- Born: 5 May 1995 (age 29) Australia
- Occupation: Actor
- Years active: 2005–2012
- Notable work: Hector Papdopoulos in Streetsmartz Josh Jacobs in Trapped

= Anthony Spanos =

Australian actor (born 1995)

Anthony Spanos (born 5 May 1995) is an Australian actor. He has starred in the Australian television series Streetsmartz and more recently Trapped. He attended Trinity College in Perth, Western Australia.

== Trapped ==
In the children/teenage television series Trapped (2008, Northway Productions Pty Ltd, 7 Network), Spanos plays the character of Josh Jacobs. When the mysterious disappearance of their parents from a remote scientific research station takes place, they leave a group of children trapped in a dangerous paradise.

== Streetsmartz ==
Spanos plays the character of Hector Papdopoulos in the children/teenage television series Streetsmartz (2005–2006, Nine Network). Streetsmartz is centered on the lives of a group of children, their friends and family who live in Fremantle, in Western Australia.

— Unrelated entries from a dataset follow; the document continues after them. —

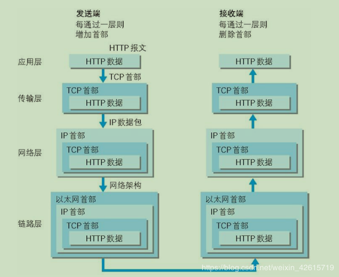 TCP / IP协议进行网络通信时, 客户端(发送端) 会从应用层 往下走, 一层 一层的传输, 每进入一层,被被打上标记序号以及端口号, 当客户端 走完 自己的 4 层时, 会进入 服务端(接收端) ,它是按 链路层 然后 一层一层 往上走, 每进入一层, 取消一个 标记序号, 直到顶层(应用层),这时, 服务端才接收到了客户端向服务端发送的请求。
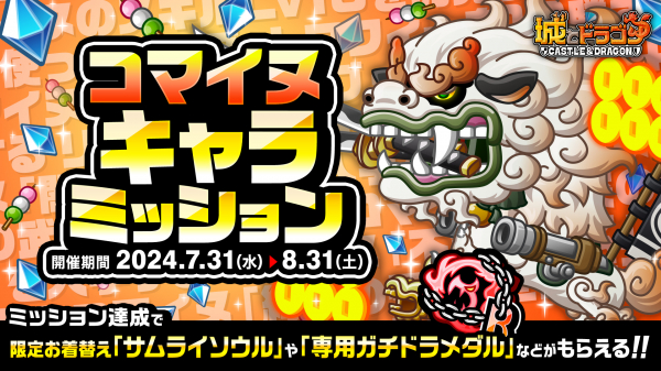 7月31日(水)より、新キャラ「コマイヌ」の登場を記念したログインボーナスやキャラミッションなどのキャンペーン・イベントが開催中です。キャラミッションでしか獲得できない限定お着替え「サムライソウル」といったアイテムも登場しますので、ぜひ期間内に城ドラをプレイしてみましょう。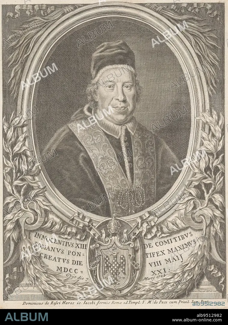 Portrait of Pope Innocent XIII, print maker: Girolamo Rossi (II), (mentioned on object), intermediary draughtsman: Girolamo Rossi (II), (mentioned on object), publisher: Domenico de'Rossi, (mentioned on object), print maker: Rome, intermediary draughtsman: Rome, publisher: Rome, Vaticaanstad, 1724 - 1762, paper, engraving, h 247 mm × w 189 mm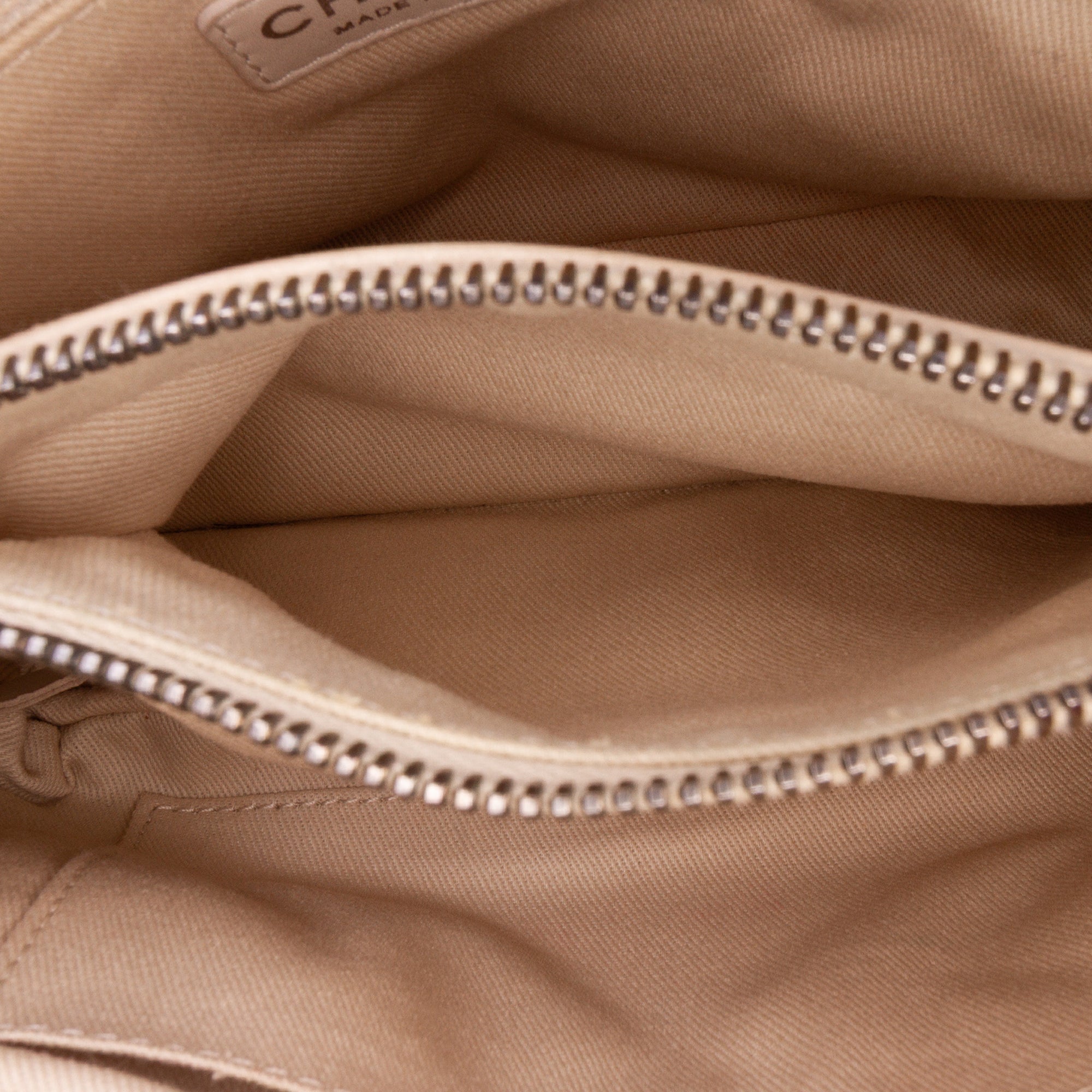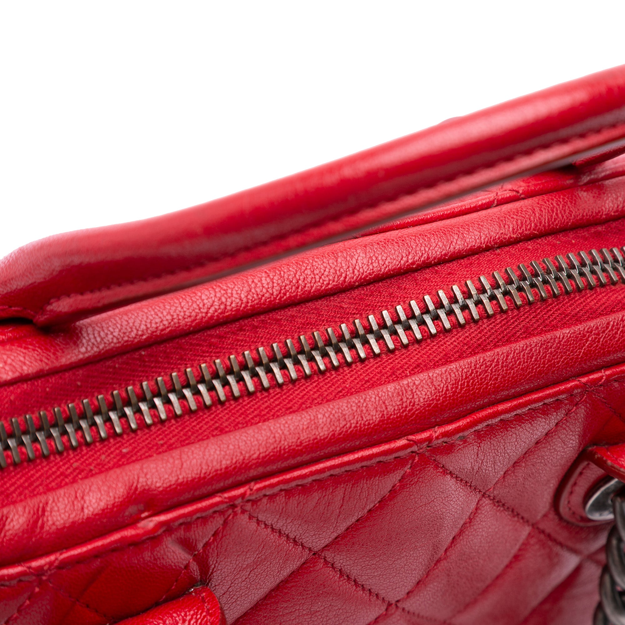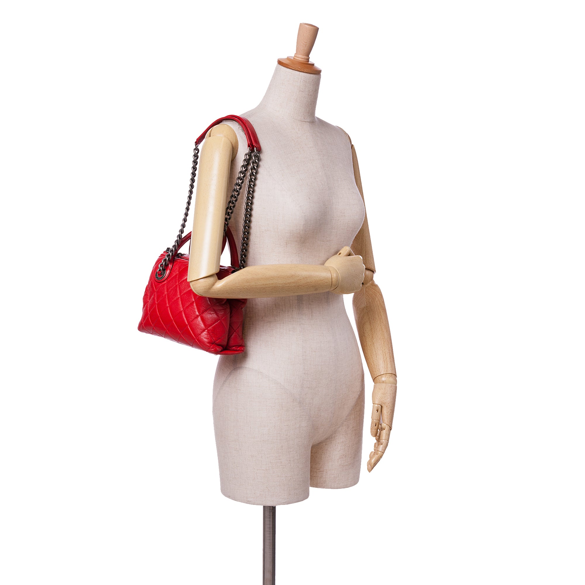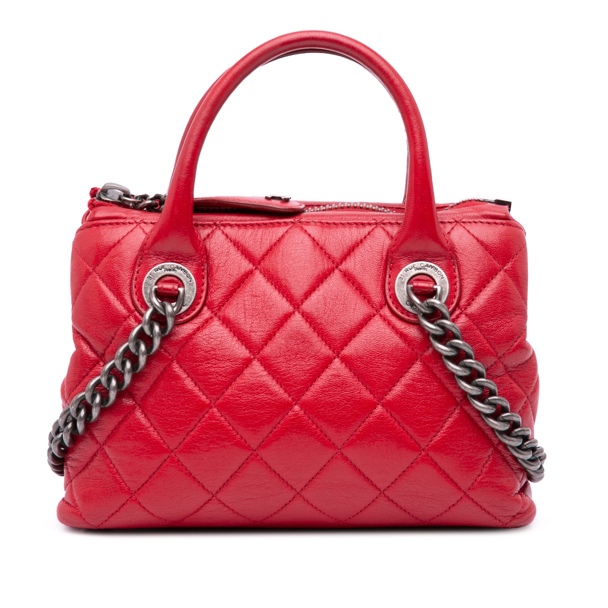 This satchel features a quilted sheepskin leather body, rolled leather top handles, chain link and leather shoulder straps, a top zip closure, an interior zip compartment, and interior zip and slip pockets. Retail Price: 3100.00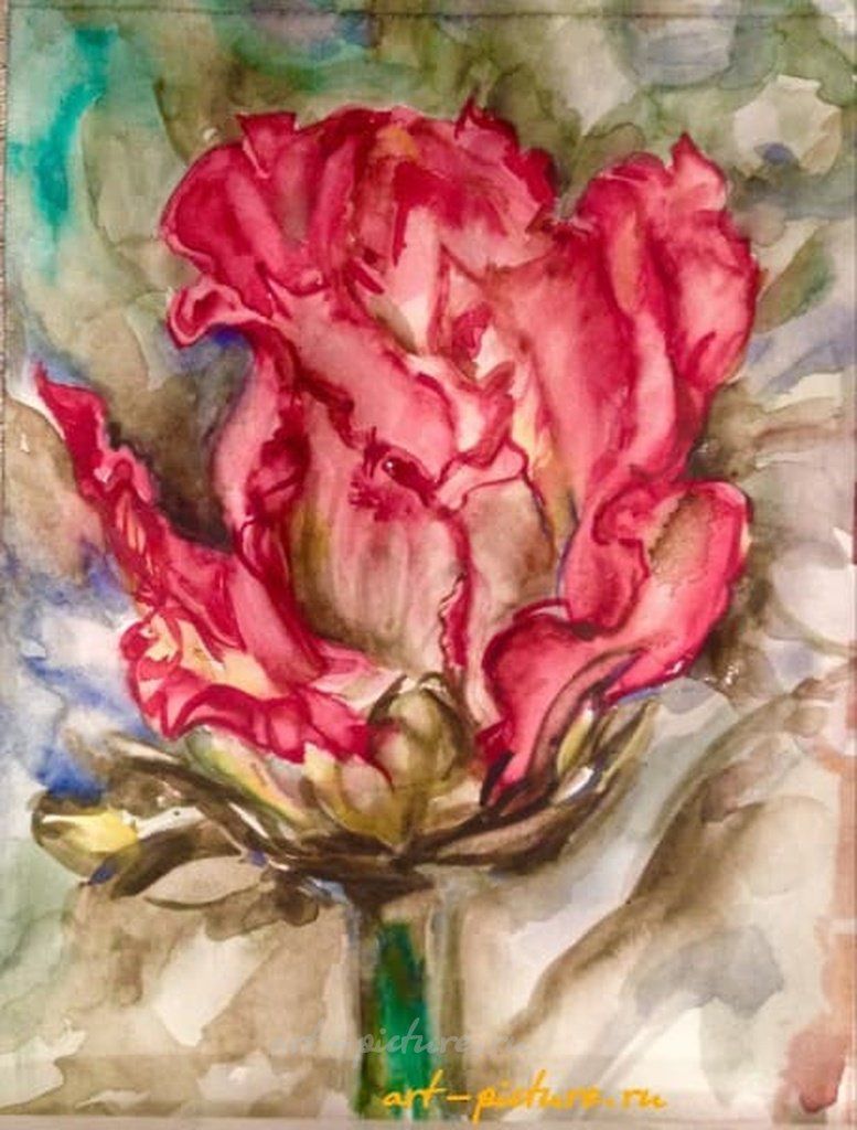 Какое восхитительное произведение! Нежные оттенки розового и красного действительно создают атмосферу легкости и романтики. Акварельная техника передает такую живость, что цветок кажется почти живым — будто вот-вот распустится!

Three series, with a total of 39 episodes, were screened.

The character of Hector is described as 'nine going on nineteen'. He's a sidekick and partner to his brother's business ventures but often reluctantly – Hector is more interested in having fun and causing havoc than in actually
working.

== Castaway ==
Spanos appeared in Castaway, a spin-off from Trapped. He reprised the character of Josh Jacobs.